INPUT:
'''
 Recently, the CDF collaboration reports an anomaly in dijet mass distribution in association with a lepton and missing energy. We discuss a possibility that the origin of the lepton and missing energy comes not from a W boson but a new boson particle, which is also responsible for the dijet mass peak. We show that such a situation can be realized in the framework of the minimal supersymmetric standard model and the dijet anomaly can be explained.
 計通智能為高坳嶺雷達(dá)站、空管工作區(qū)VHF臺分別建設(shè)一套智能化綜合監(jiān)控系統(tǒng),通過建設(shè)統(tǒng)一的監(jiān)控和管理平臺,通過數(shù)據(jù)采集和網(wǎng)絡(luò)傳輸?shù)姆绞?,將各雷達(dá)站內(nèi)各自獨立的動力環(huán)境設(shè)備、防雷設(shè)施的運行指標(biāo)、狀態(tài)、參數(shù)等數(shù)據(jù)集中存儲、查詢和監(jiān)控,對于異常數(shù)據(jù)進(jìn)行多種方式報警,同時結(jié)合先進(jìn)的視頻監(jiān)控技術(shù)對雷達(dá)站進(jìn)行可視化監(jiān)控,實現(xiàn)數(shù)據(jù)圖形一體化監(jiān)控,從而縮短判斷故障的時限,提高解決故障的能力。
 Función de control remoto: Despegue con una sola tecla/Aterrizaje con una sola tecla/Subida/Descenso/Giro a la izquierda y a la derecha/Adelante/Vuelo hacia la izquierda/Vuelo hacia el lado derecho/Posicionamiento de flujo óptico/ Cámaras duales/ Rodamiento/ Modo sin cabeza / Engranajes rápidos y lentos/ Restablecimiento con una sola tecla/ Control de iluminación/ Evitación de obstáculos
'''
'''
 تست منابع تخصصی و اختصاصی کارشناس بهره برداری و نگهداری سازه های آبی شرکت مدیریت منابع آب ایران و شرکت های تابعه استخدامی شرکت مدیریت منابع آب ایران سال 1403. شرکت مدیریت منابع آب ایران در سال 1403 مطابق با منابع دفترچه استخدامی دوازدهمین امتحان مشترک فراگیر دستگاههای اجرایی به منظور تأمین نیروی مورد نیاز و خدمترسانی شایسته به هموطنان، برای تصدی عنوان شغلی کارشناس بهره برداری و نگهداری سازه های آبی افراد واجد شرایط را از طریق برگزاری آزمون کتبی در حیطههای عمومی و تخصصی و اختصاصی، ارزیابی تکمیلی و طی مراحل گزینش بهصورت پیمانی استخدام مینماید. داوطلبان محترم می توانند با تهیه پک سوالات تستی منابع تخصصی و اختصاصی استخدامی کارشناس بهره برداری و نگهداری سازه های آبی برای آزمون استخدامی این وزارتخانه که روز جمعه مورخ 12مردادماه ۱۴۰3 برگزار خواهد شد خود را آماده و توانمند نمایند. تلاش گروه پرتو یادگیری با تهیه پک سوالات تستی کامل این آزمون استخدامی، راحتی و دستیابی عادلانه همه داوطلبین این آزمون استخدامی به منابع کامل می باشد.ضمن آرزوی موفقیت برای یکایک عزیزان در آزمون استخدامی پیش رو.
'''
AIM OF THE EXERCISE: Retype, exactly and in full, the lines above from the one containing "計通智能為高坳嶺雷達(dá)" through the one containing "Función de control".

WRITTEN RESPONSE:
 計通智能為高坳嶺雷達(dá)站、空管工作區(qū)VHF臺分別建設(shè)一套智能化綜合監(jiān)控系統(tǒng),通過建設(shè)統(tǒng)一的監(jiān)控和管理平臺,通過數(shù)據(jù)采集和網(wǎng)絡(luò)傳輸?shù)姆绞?,將各雷達(dá)站內(nèi)各自獨立的動力環(huán)境設(shè)備、防雷設(shè)施的運行指標(biāo)、狀態(tài)、參數(shù)等數(shù)據(jù)集中存儲、查詢和監(jiān)控,對于異常數(shù)據(jù)進(jìn)行多種方式報警,同時結(jié)合先進(jìn)的視頻監(jiān)控技術(shù)對雷達(dá)站進(jìn)行可視化監(jiān)控,實現(xiàn)數(shù)據(jù)圖形一體化監(jiān)控,從而縮短判斷故障的時限,提高解決故障的能力。
 Función de control remoto: Despegue con una sola tecla/Aterrizaje con una sola tecla/Subida/Descenso/Giro a la izquierda y a la derecha/Adelante/Vuelo hacia la izquierda/Vuelo hacia el lado derecho/Posicionamiento de flujo óptico/ Cámaras duales/ Rodamiento/ Modo sin cabeza / Engranajes rápidos y lentos/ Restablecimiento con una sola tecla/ Control de iluminación/ Evitación de obstáculos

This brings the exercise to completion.